Methods: In this retrospective study, a sample of 2129 women who underwent screening mammograms were evaluated. The performance of a commercial AI-based triage device was compared with radiologists' reports, actual outcomes, and national benchmarks using commonly used mammography metrics. Up to 5 years of follow-up examination results were evaluated in cases to establish benignity. The algorithm sorted cases into groups of "suspicious" and "low suspicion." A theoretical workload reduction was calculated by subtracting cases triaged as "low suspicion" from the sample.
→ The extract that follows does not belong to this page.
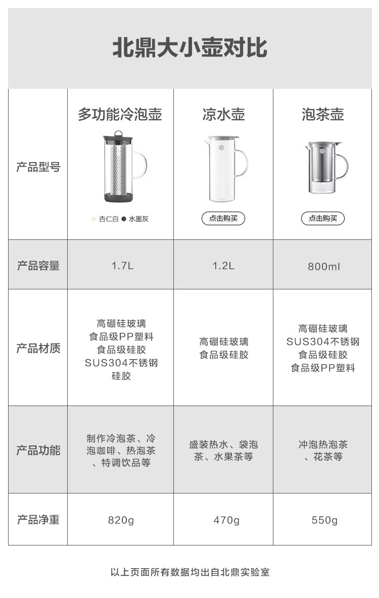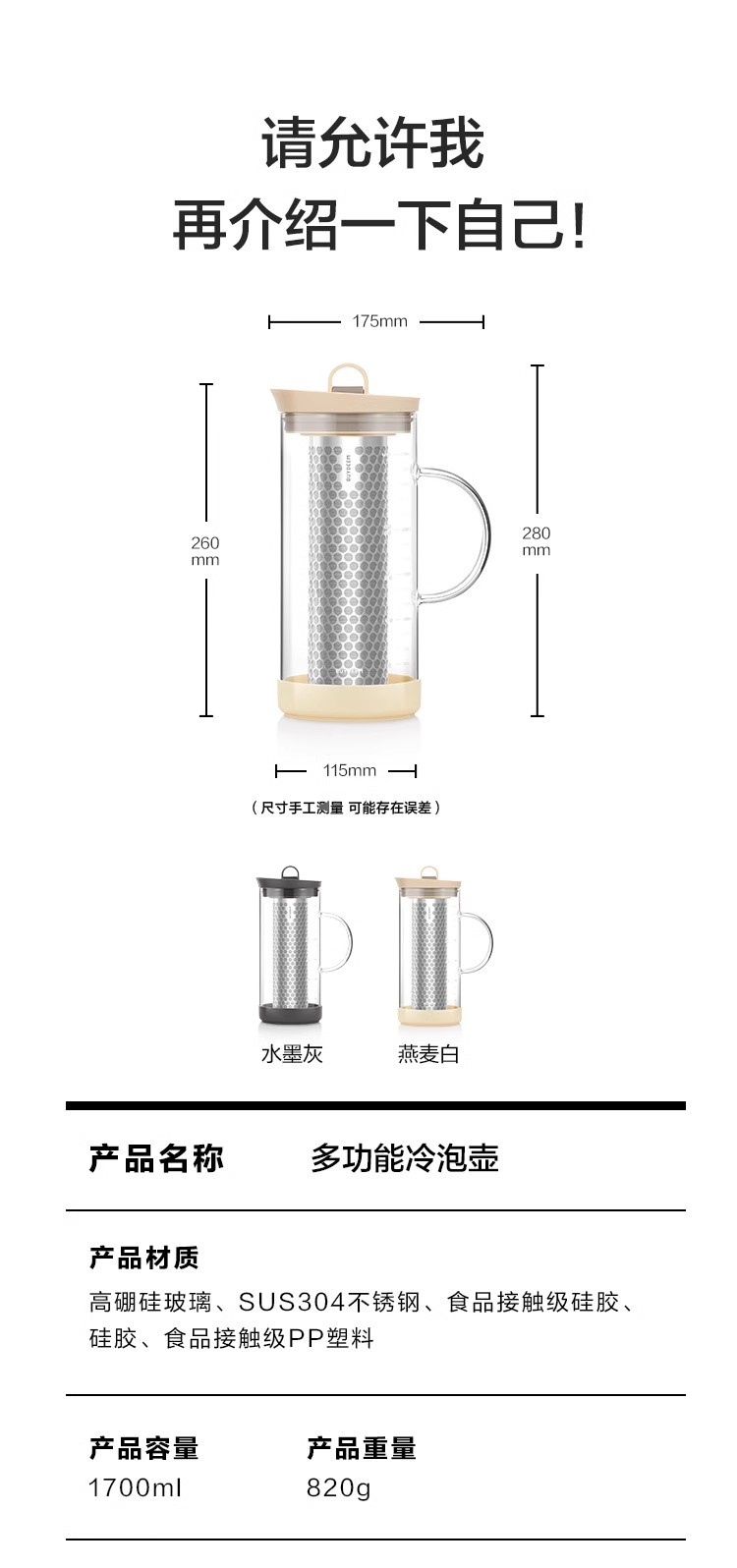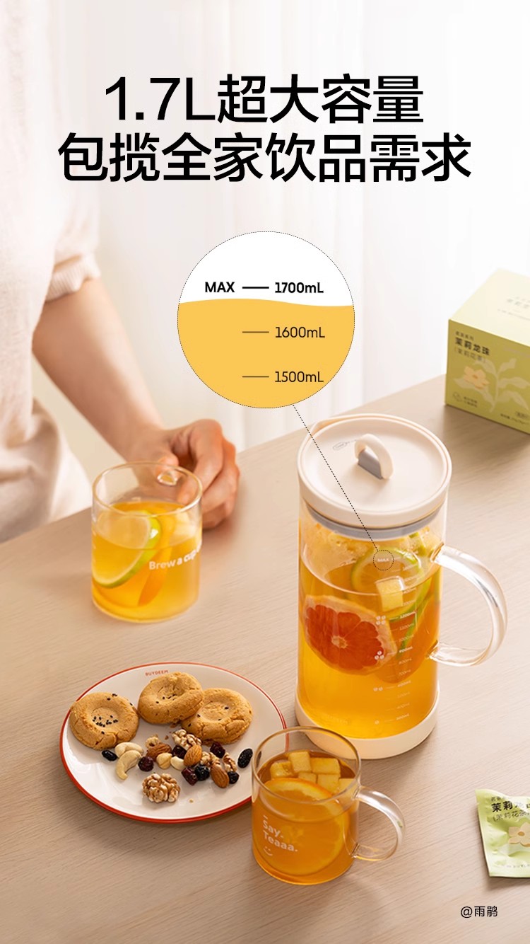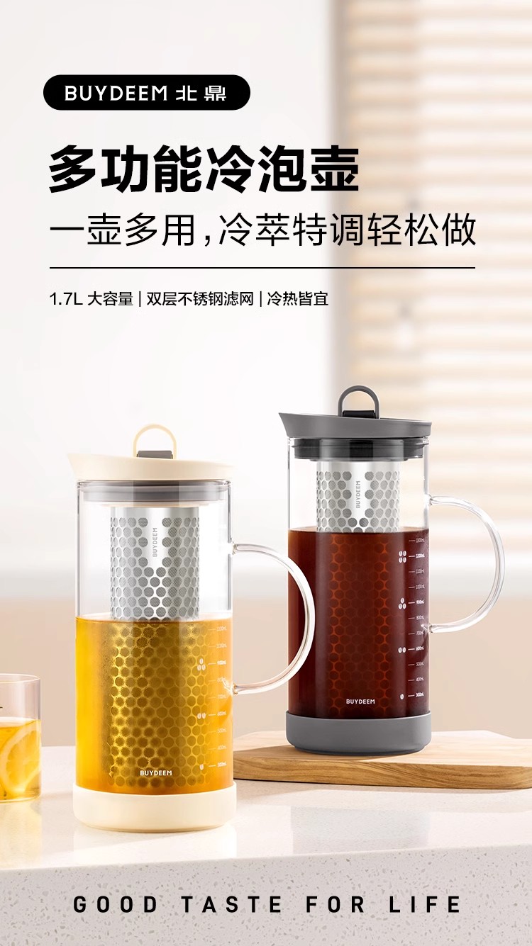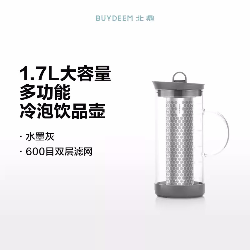 北鼎(Buydeem)泡茶壶 家用大容量多功能冷泡壶杏仁白1700ml 随机颜色

Results: At the default 93% sensitivity setting, there was significant improvement (P <.05) in the following triage simulation mean performance measures compared with actual outcome: 45.5% improvement in recall rate (13.4% to 7.3%; 95% CI, 6.2-8.3), 119% improvement in positive predictive value (PPV) 1 (5.3% to 11.6%; 95% CI, 9.96-13.4), 28.5% improvement in PPV2 (24.6% to 31.6%; 95% CI, 24.8-39.1), 20% improvement in sensitivity (83.3% to 100%; 95% CI, 100-100), and 7.2% improvement in specificity (87.2% to 93.5%; 95% CI, 92.4-94.5). A theoretical 62.5% workload reduction was possible. At the ultrahigh 99% sensitivity setting, a theoretical 27% workload reduction was possible. No cancers were missed by the algorithm at either sensitivity.
Conclusion: Artificial intelligence-based triage in this simulation demonstrated potential for significant improvement in mammography performance and predicted substantial theoretical workload reduction without any missed cancers.